Les risques sont nombreux. Le premier est que si l’intelligence artificielle supprime tous les emplois de premier niveau, on peut se demander comment les gens accéderont aux emplois plus qualifiés. Comment assurer le perfectionnement professionnel dans ces conditions? Il existe aussi d’autres risques, notamment en matière de sécurité de l’intelligence artificielle, comme le piratage d’un téléphone et de tout ce qu’il contrôle.

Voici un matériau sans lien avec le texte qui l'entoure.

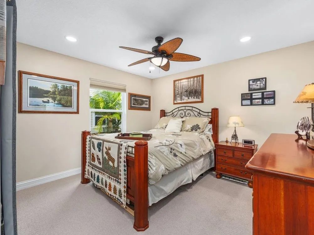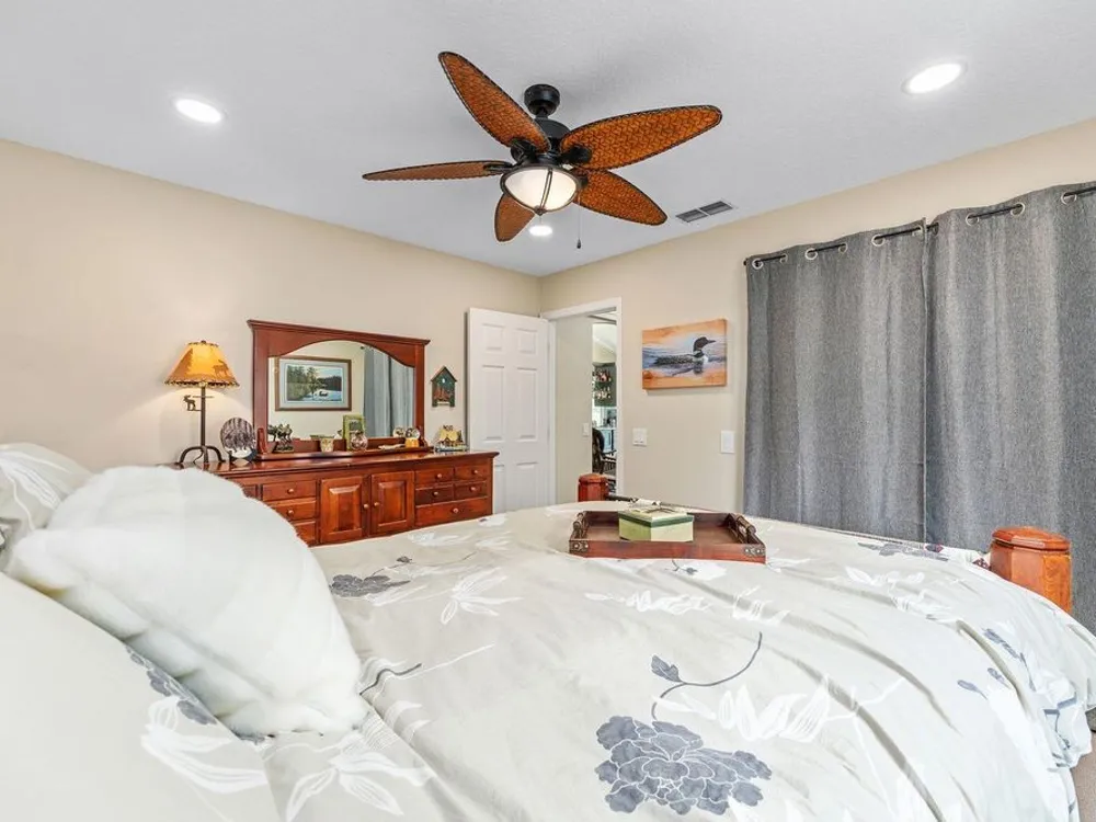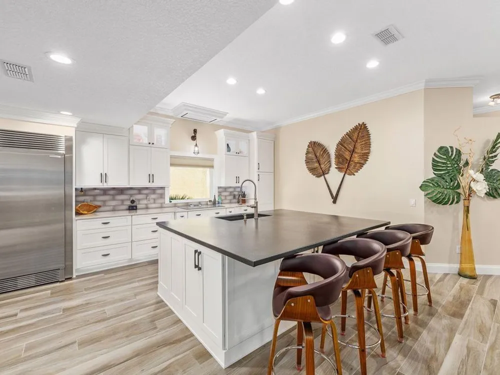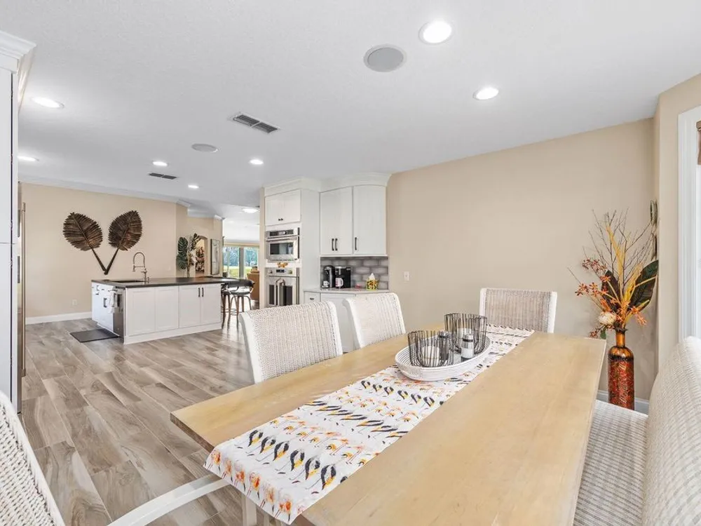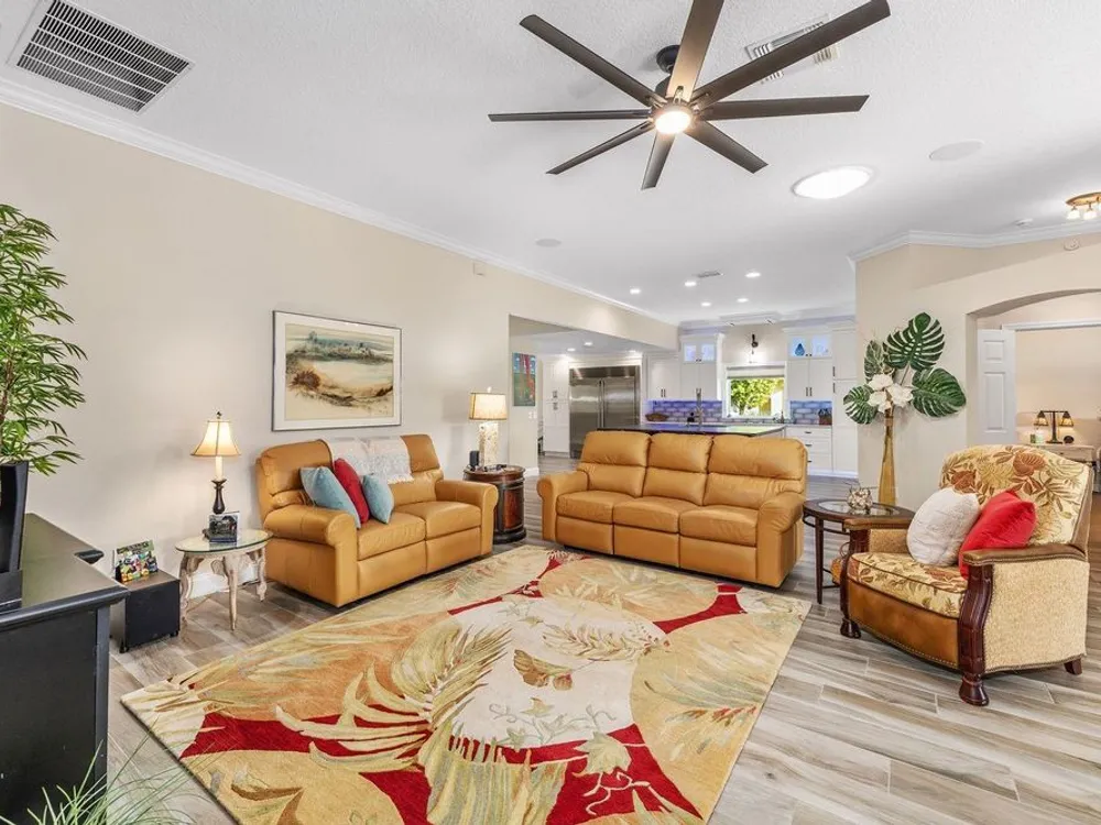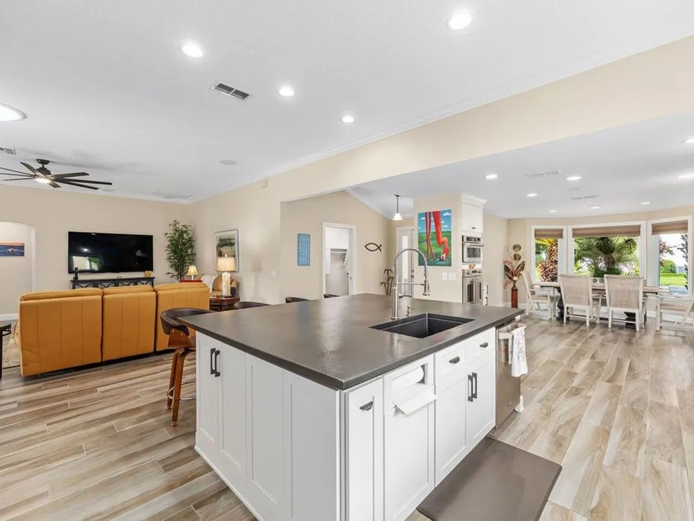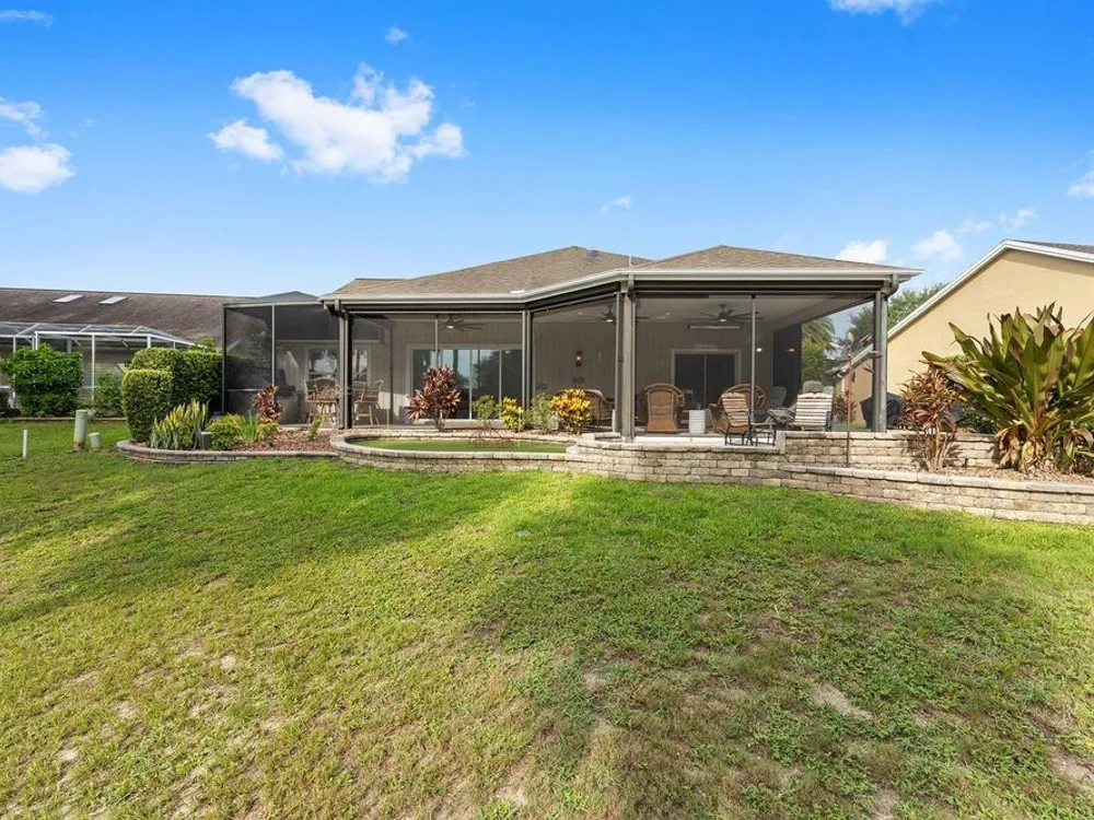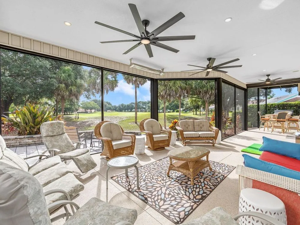 Beautifully Remodeled and Redesigned golf front home with superb updates and upgrades throughout the interior and exterior. This is not a cookie-cutter home. Dare to be different! Room for a pool. This is the dream home you have been waiting for. From the curb you see the mature landscaping and the expansive paver driveway and walkway to the front door. Don't miss looking inside this home. Your eyes are immediately drawn to the beautiful and serene golf course view of the full #7 fairway of the Hacienda Lakes Course through the extra height 4 panel stacking sliding glass door. A view you can't resist! Progressing past the entryway, you are greeted by the spacious living room with dry bar hosting 2-drawer refrigerator, pull-out shelves in the cabinets, storage for all your glasses and beverage accessories. To the left is recently redesigned and remodeled eat-in kitchen with all Pull out drawers and soft close doors as well as LED lighted cabinets. An incredible kitchen island, top-tier appliances including Electrolux Icon 32' Freezer and 32” Refrigerator w/custom double vent, GE Monogram Cafe' doors convection oven and GE Monogram induction cooktop with Wolf power ventilator/light. The kitchen island countertop is custom powder coated metal from Arkansas and hosts an abundance of storage with pull out drawers. There is a separate coffee bar with water hook-up for your convenience. Entering the Primary bedroom enjoy 10 ft high closet storage with double hanging and additional shelves for storage. The Primary bathroom has double sinks with storage tower between them. Custom large glass enclosure shower. Enjoy the privacy of a split floor plan with the guest bedrooms across the living room. Guest bedroom 1 has a closet. Guest bedroom 2 has a space for a closet or could be converted into a large work space w plantation shutters. The oversized interior laundry room has plenty of space for storage and large laundry sink. The garage is an extra deep 2 car garage with an additional 3rd stall golf cart garage/shop space. Want outdoor living? How about outdoor living with Twin Eagles grilling station and soft close stainless steel cabinets, Twin Eagles ceiling mounted electric radiant heaters for the cool nights, additional power sunscreens over the entire lanai. Visitors will enjoy the putting green and outdoor patio space or just relaxing with their favorite beverage while watching the golfers on the green. Stunning sunrise view with a variety of pine, palm, and oak trees. Close proximity to the multi modal path available on the other side of the golf course. Click on the virtual tour link for a walk through look.

L’intelligence artificielle, c’est aussi tout un ensemble d’algorithmes indéchiffrables et de multiplications en chaînes inexplicables pour l’être humain – si un pirate s’introduisait dans un système et modifiait un millier de données, comment le saurions-nous? Quelles en seraient les conséquences? Autant de questions qui nécessiteront de nouveaux moyens de sécurité. Certains s’inquiètent du fait que si vous donnez un but à l’intelligence artificielle, elle le poursuivra. Je n’y vois pas vraiment une menace pour l’humanité, car dans la plupart des scénarios et des problèmes connus, c’est l’homme qui contrôle la technologie. Les effets de l’intelligence artificielle nous sont pour la plupart encore inconnus et nous allons découvrir, voire résoudre, la plupart de ces questions, tout comme nous allons être troublés par les nouveaux défis à venir.